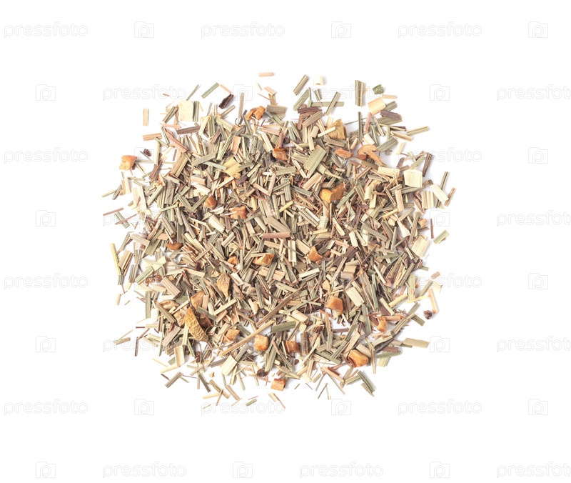 Зеленый чай с лимонной травой и сухими фруктами, изолированными на белом
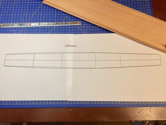 The pieces at the top will be used as cutting patterns, except for that thin piece on the right, which is an angle guide. The side profile on the bottom will be used to create a backbone for the hull former, which I will cut from 1/4″ MDF (Medium Density Fiber) particle board. The hull parts on this model will all be cut from some newly acquired 3mm sugi, or Japanese cedar.
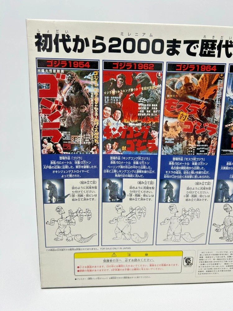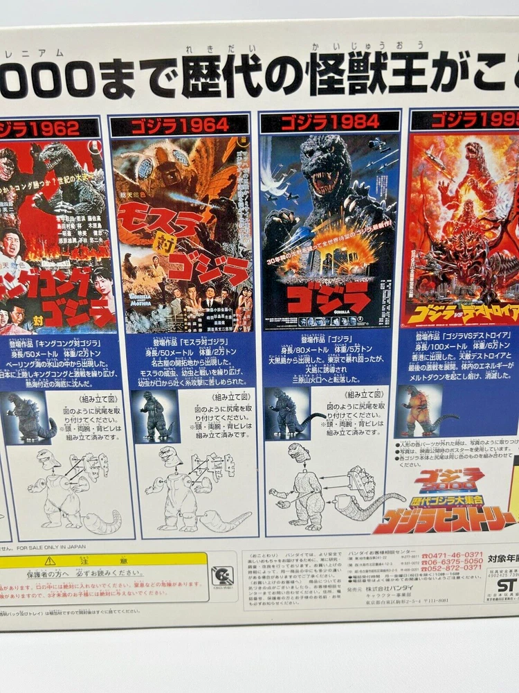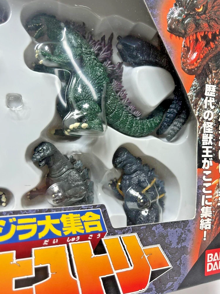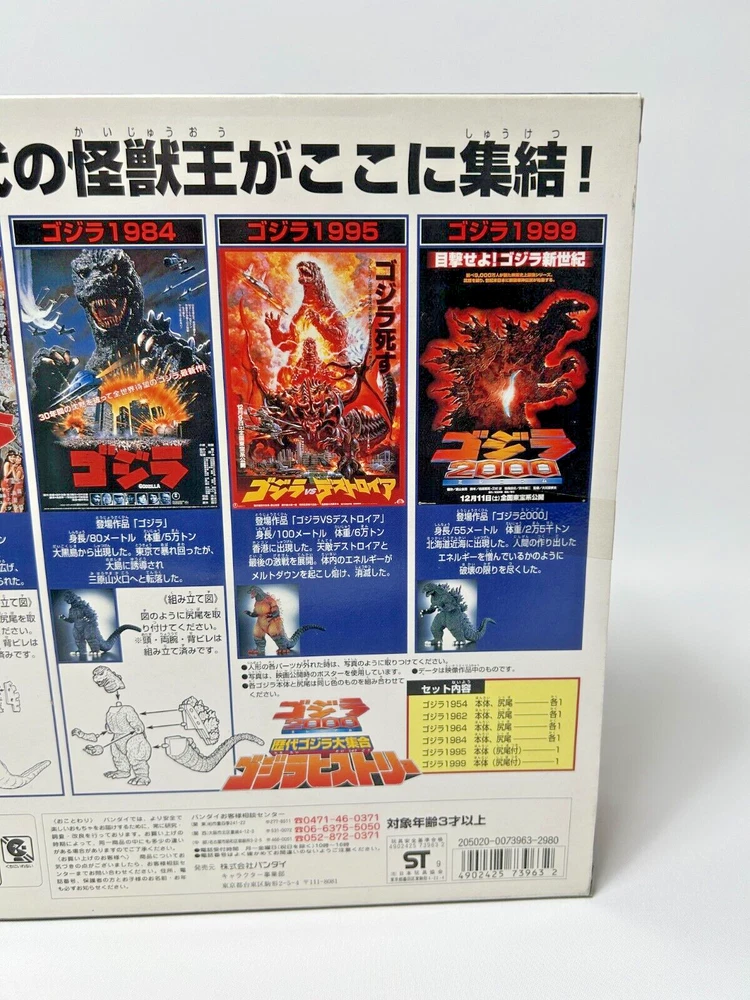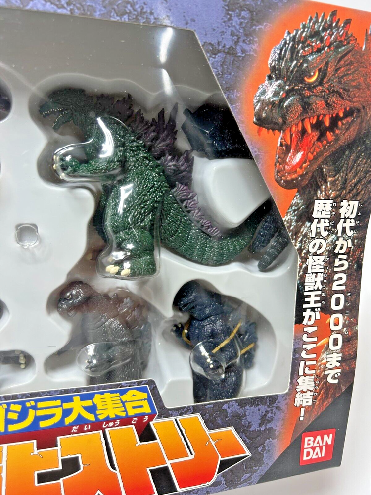 Description About This Items BANDAI 1999 Godzilla Collection Godzilla History Figure It includes all the monster kings from the first to 2000. Set contents: Godzilla 1954 Godzilla 1962 Godzilla 1964 Godzilla 1984 Godzilla 1995 Godzilla 1999 Condition The item is unopened and in very good condition. Included Items None Shipping We will ship your order via FedEx, DHL or Japan Post. The item will be shipped in a box with packaging material. Please check the expected arrival date for the shipping method you selected! However, delivery may take longer depending on the shipping situation in your country and the situation of the post office. Please note that it may take longer to deliver than the "expected delivery date". We will always ship your item with a tracking number, so you can order without worrying about delivery. You can track your delivery status at any time. Shipping is available from Monday to Friday. It is not available on Saturdays and Sundays because the shipping company is closed. If we do not hear from you after 3 days, your order will be canceled or a case will be filed. About Importer's Obligation Import duties, taxes and charges are not included in the item price or shipping cost. These charges are the buyer's responsibility. Please check with your countrys office to determine what these additional costs will be prior to bidding or buying. We cant reply gifts or unreasonable requests such as declared amount. If have any questions, anytime contact me! and if you look for any item, please feel free to contact us. Thank you for Watching.
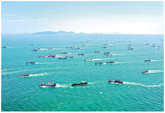 ▲8月16日,福建省福州市连江县黄岐中心渔港开渔出海的渔船在海面航行(无人机照片)。当日12时,福建省部分海域(北纬26度30分以南的福建海域)结束为期三个半月的伏季休渔期,渔民开始出海作业。在福建省福州市连江县海域,近千艘渔轮分别从黄岐、苔菉两个中心渔港驶向东海。 新华社记者姜克红摄
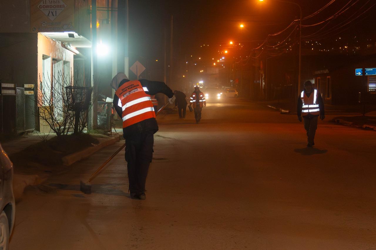 Dando continuidad a las tareas de limpieza de las calles de la ciudad que lleva adelante la Municipalidad de Ushuaia a partir de la mejora de las condiciones climáticas, personal de la Secretaría de Ambiente y Desarrollo Sustentable trabajó en las calles 12 de Octubre y Fuegia Basket.
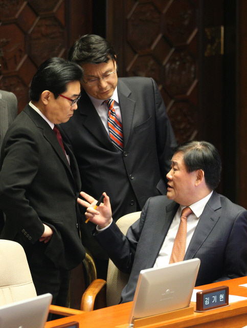 최경환 새누리당 원내대표(오른쪽)와 전병헌 민주당 원내대표가 25일 오전 국회 본회의 교육·사회·문화 분야 대정부질문에서 대화하고 있다. 이날 대정부질문은 민주당 의원들이 교학사 역사교과서의 편향성 논란을 둘러싼 정홍원 국무총리의 답변태도에 반발해 집단퇴장하면서 파행을 겪었다. 연합뉴스
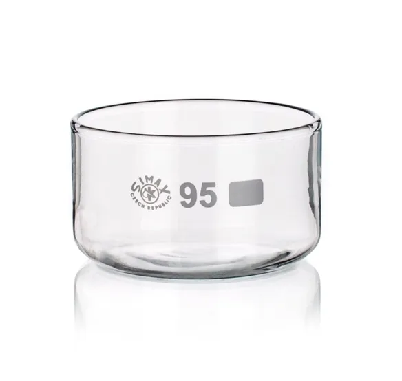Чашка кристаллизационная без носика изготовлена из боросиликатного стекла, устойчивого к воздействию высоких температур и агрессивных химических веществ.
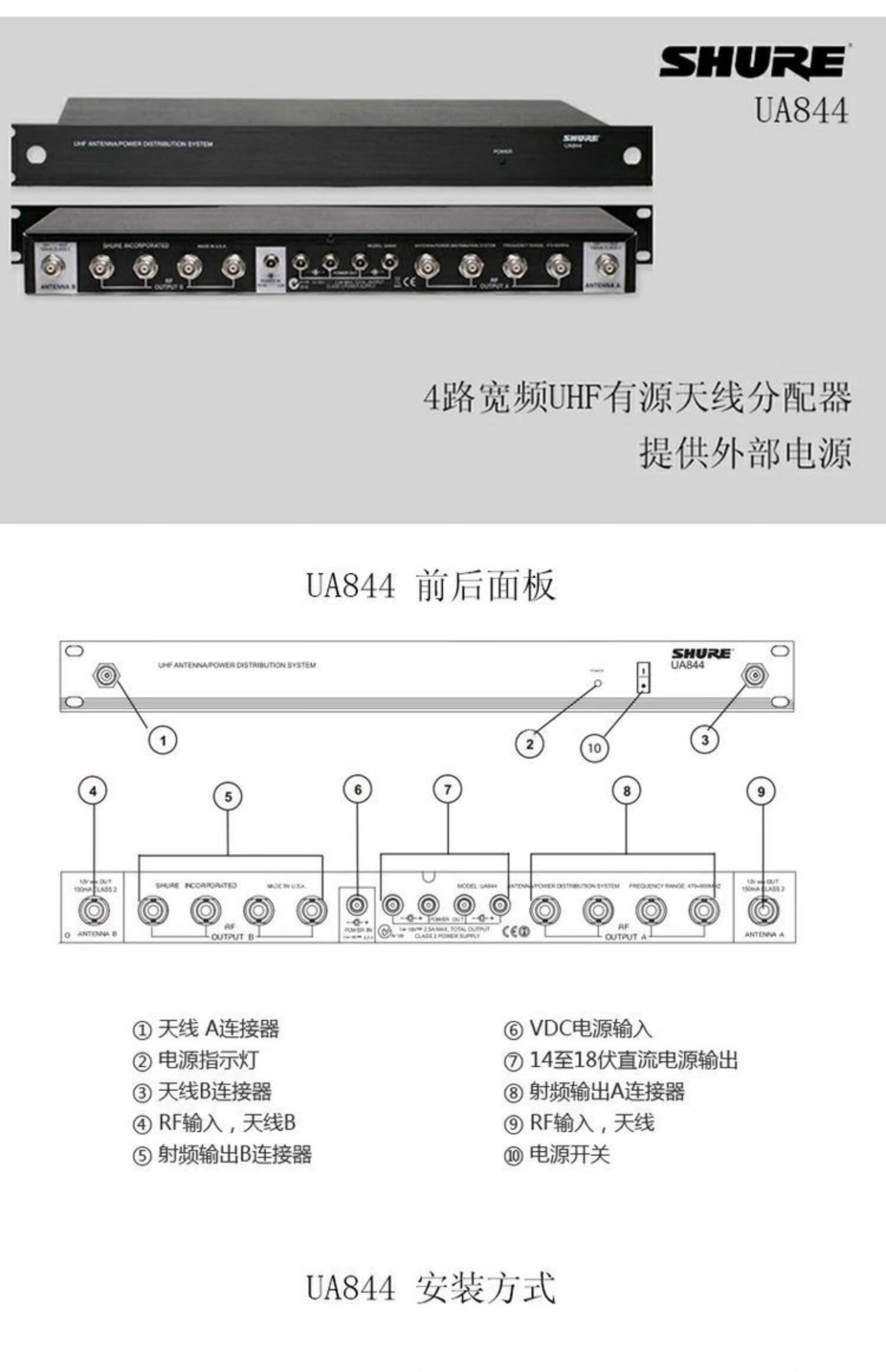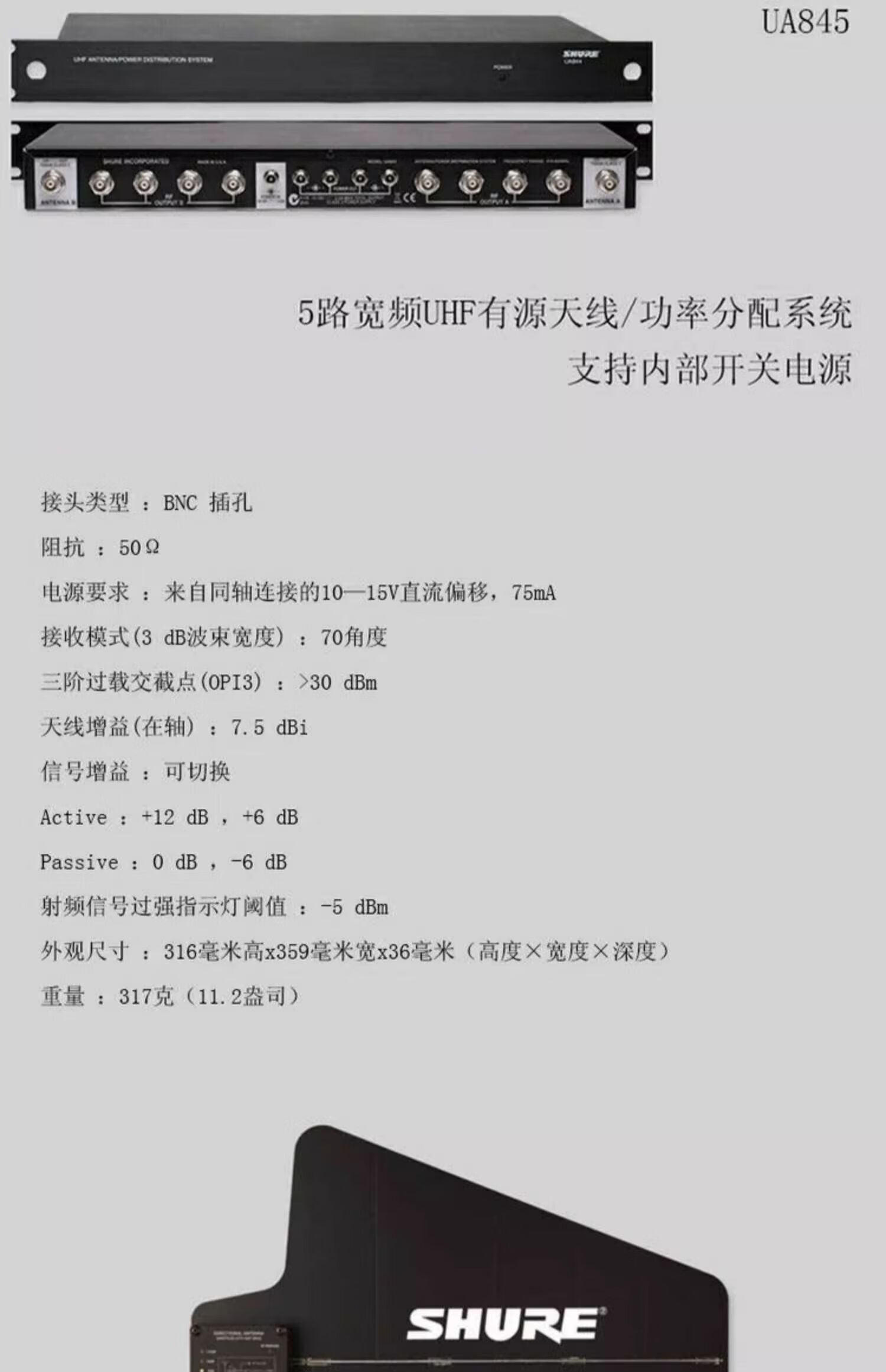 SHURE UA844 antenna splitter UA874 UA845 active directional antenna signal amplifier system UA834 (antenna amplifier)
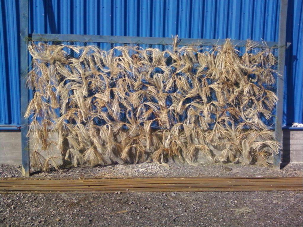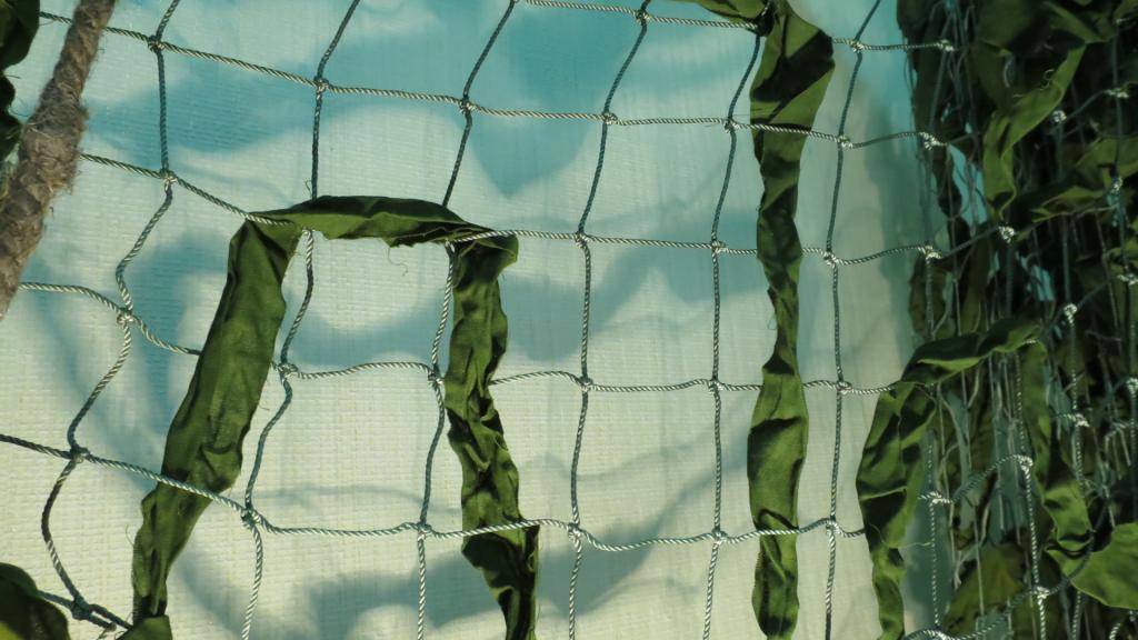 Вешаем сетку и — так как полосы нам делать не нужно — начинаем плести природные элементы, хранящиеся в ячейках, в хаотичном порядке (креатив может быть любой, главное не перегружать сетку). При этом асимметрия должна быть максимальной, иначе маскировочная сетка потеряет свой естественный вид — иными словами, не должно быть скопления одного вида материала с одной стороны и с другой.
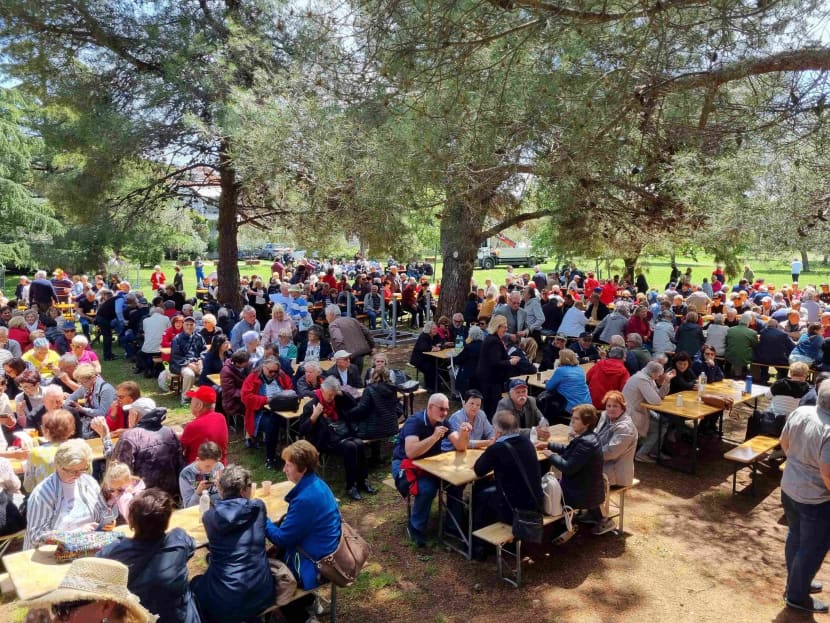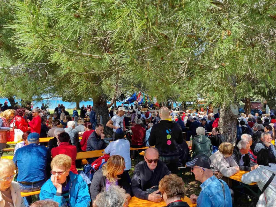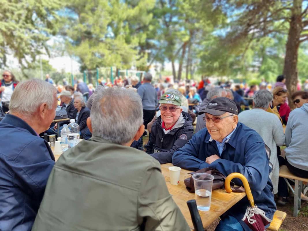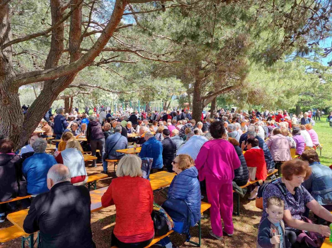 Naravno, poslije kulturno-umjetničkog programa, u parku, zahvaljujući povoljnim vremenskim uvjetima, došlo je u vrijeme za zajednički ručak s nezaobilaznim grahom (donacija rovinjske Valalte), potom za pjevanje, ples i druženja.
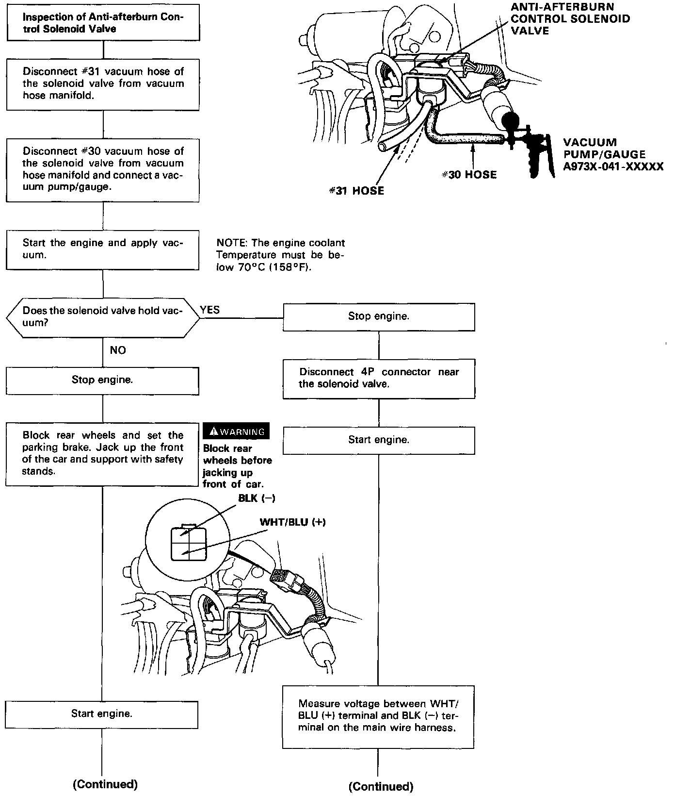 The anti-afterburn control solenoid valve is provided to control the operation of the anti-afterburn valve by introducing vacuum to the diaphragm holding the valve closed. The anti-afterburn valve senses intake manifold vacuum changes during gear shifting or deceleration, and supplies fresh air to the intake manifold in order to prevent the escape of unburned fuel.

-*-*-

EXERCISE →
Your copy should hold only the lines above from the one containing "SHURE UA844 antenna" through the one containing "Вешаем сетку и", exactly as written and free of pictures.

WRITTEN RESPONSE →
 SHURE UA844 antenna splitter UA874 UA845 active directional antenna signal amplifier system UA834 (antenna amplifier)
 Вешаем сетку и — так как полосы нам делать не нужно — начинаем плести природные элементы, хранящиеся в ячейках, в хаотичном порядке (креатив может быть любой, главное не перегружать сетку). При этом асимметрия должна быть максимальной, иначе маскировочная сетка потеряет свой естественный вид — иными словами, не должно быть скопления одного вида материала с одной стороны и с другой.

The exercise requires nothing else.